*Problem requirements:* Exactly as they appear below, repeat the lines from the one with "Также в условиях" through the one with "STRANGER THINGS Crop", and no others.

━━━ Working data

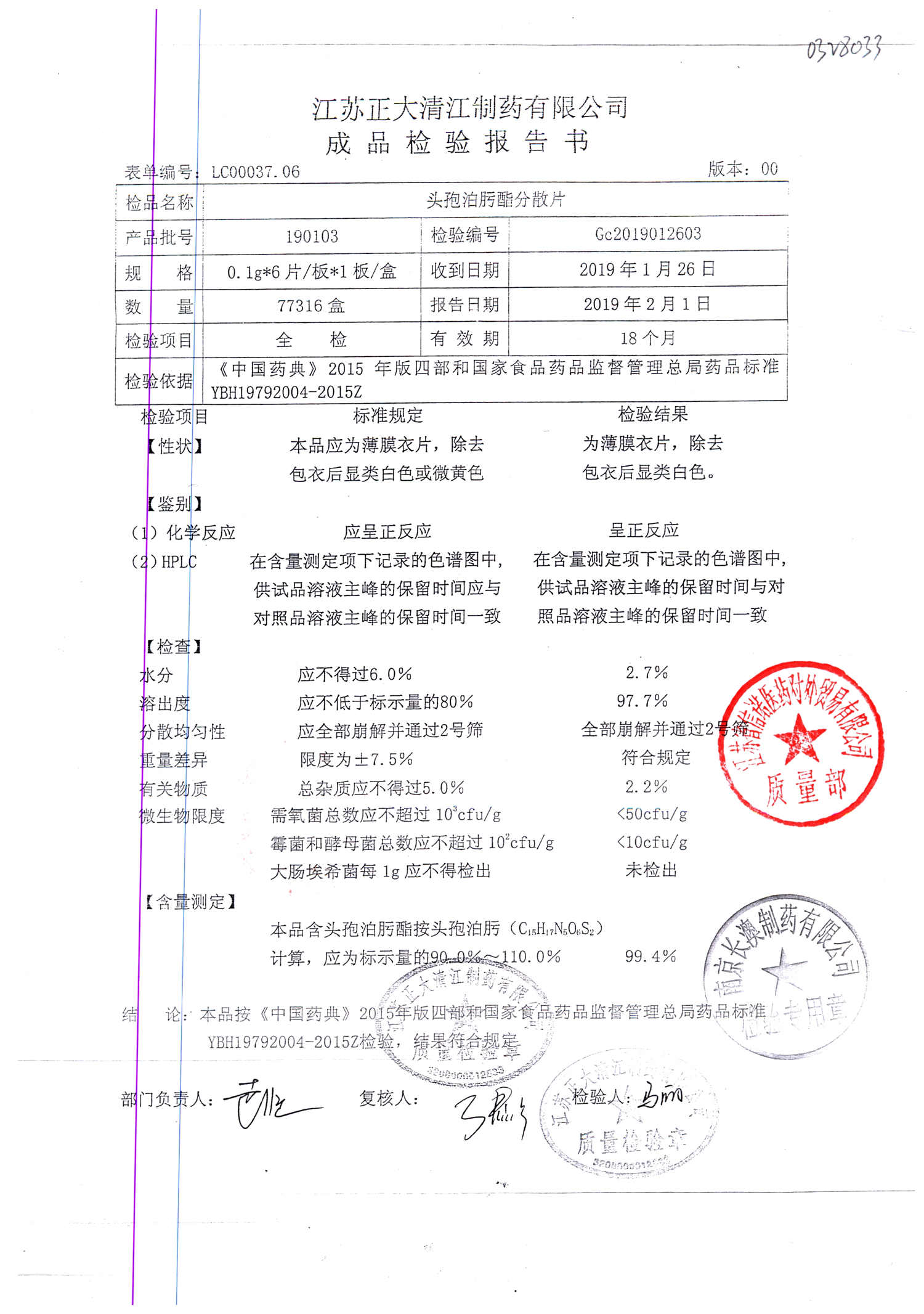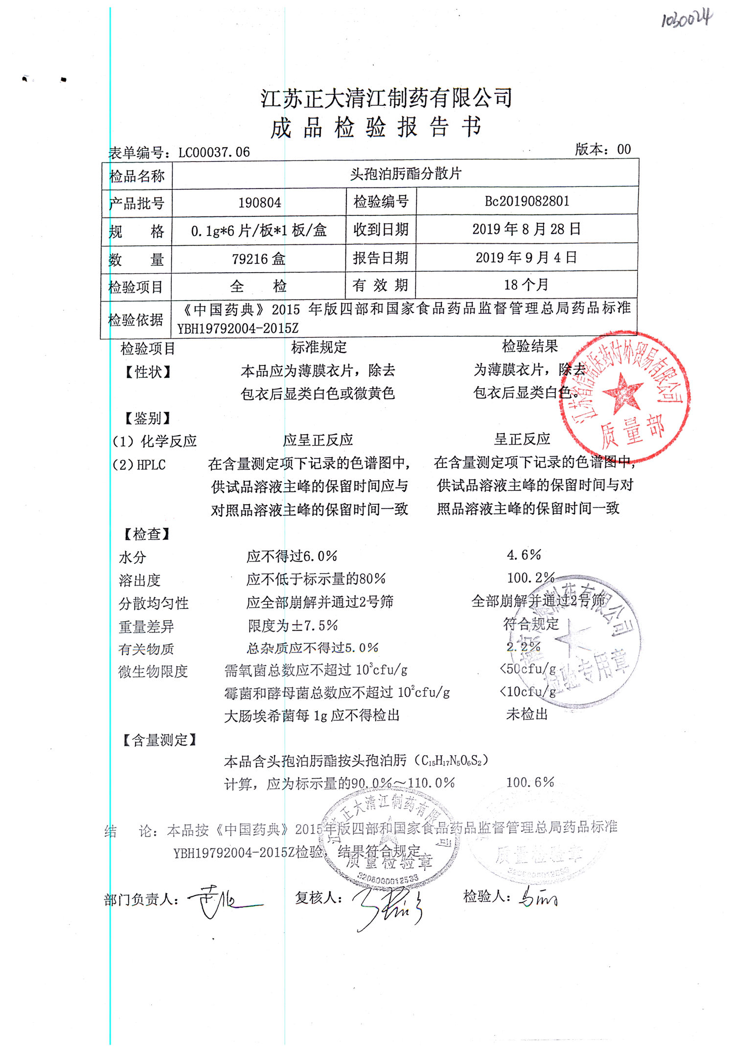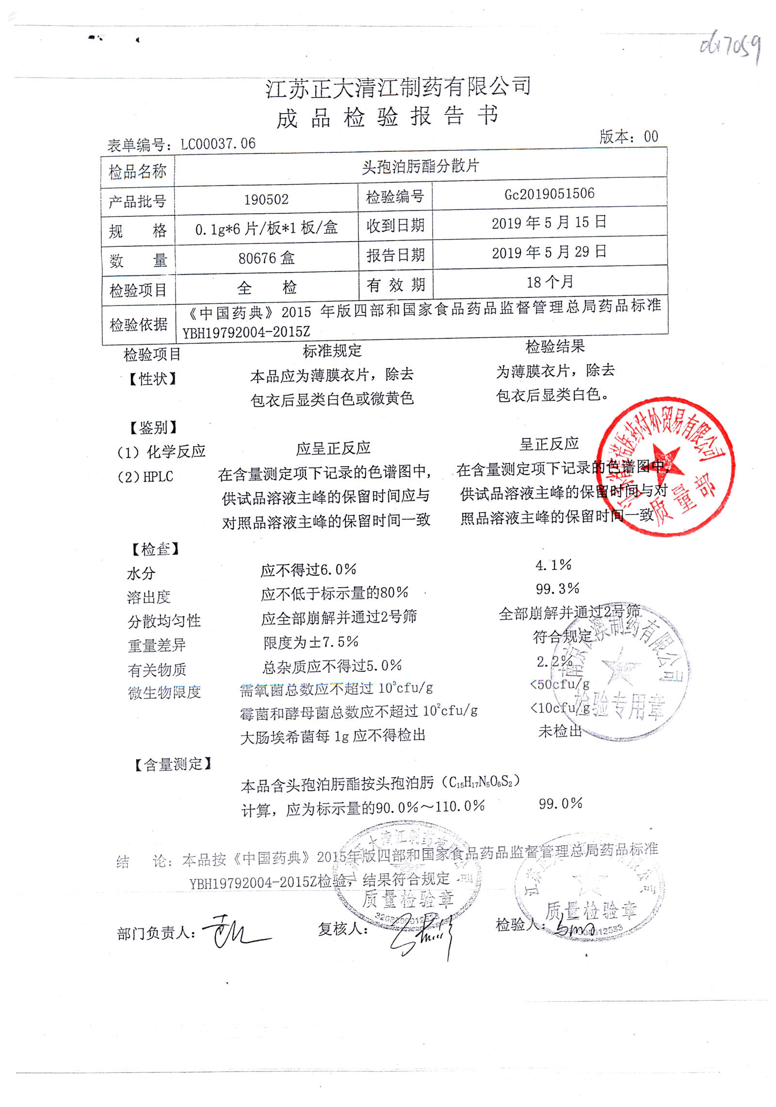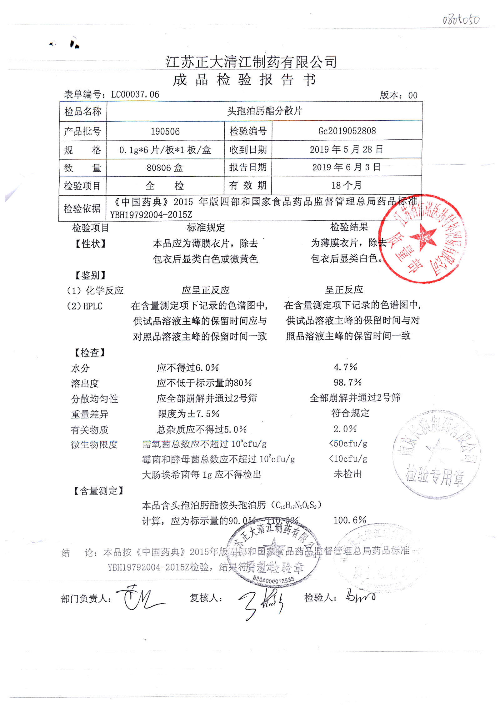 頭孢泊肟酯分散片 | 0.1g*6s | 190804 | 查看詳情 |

━━━━━━
━━━ Working data

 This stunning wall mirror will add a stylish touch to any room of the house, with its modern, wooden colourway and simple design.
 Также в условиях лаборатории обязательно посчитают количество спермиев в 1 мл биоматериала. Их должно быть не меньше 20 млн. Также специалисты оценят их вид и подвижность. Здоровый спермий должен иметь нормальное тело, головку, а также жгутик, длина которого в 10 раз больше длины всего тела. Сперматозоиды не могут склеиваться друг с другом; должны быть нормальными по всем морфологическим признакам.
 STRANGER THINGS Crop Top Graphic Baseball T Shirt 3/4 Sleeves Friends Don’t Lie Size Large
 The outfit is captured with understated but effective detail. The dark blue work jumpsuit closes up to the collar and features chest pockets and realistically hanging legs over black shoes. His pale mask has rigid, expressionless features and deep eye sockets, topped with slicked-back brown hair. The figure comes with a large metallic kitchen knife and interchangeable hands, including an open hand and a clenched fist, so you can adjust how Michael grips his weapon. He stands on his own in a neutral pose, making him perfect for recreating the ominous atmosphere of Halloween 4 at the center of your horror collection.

━━━━━━

*Reply:*
 Также в условиях лаборатории обязательно посчитают количество спермиев в 1 мл биоматериала. Их должно быть не меньше 20 млн. Также специалисты оценят их вид и подвижность. Здоровый спермий должен иметь нормальное тело, головку, а также жгутик, длина которого в 10 раз больше длины всего тела. Сперматозоиды не могут склеиваться друг с другом; должны быть нормальными по всем морфологическим признакам.
 STRANGER THINGS Crop Top Graphic Baseball T Shirt 3/4 Sleeves Friends Don’t Lie Size Large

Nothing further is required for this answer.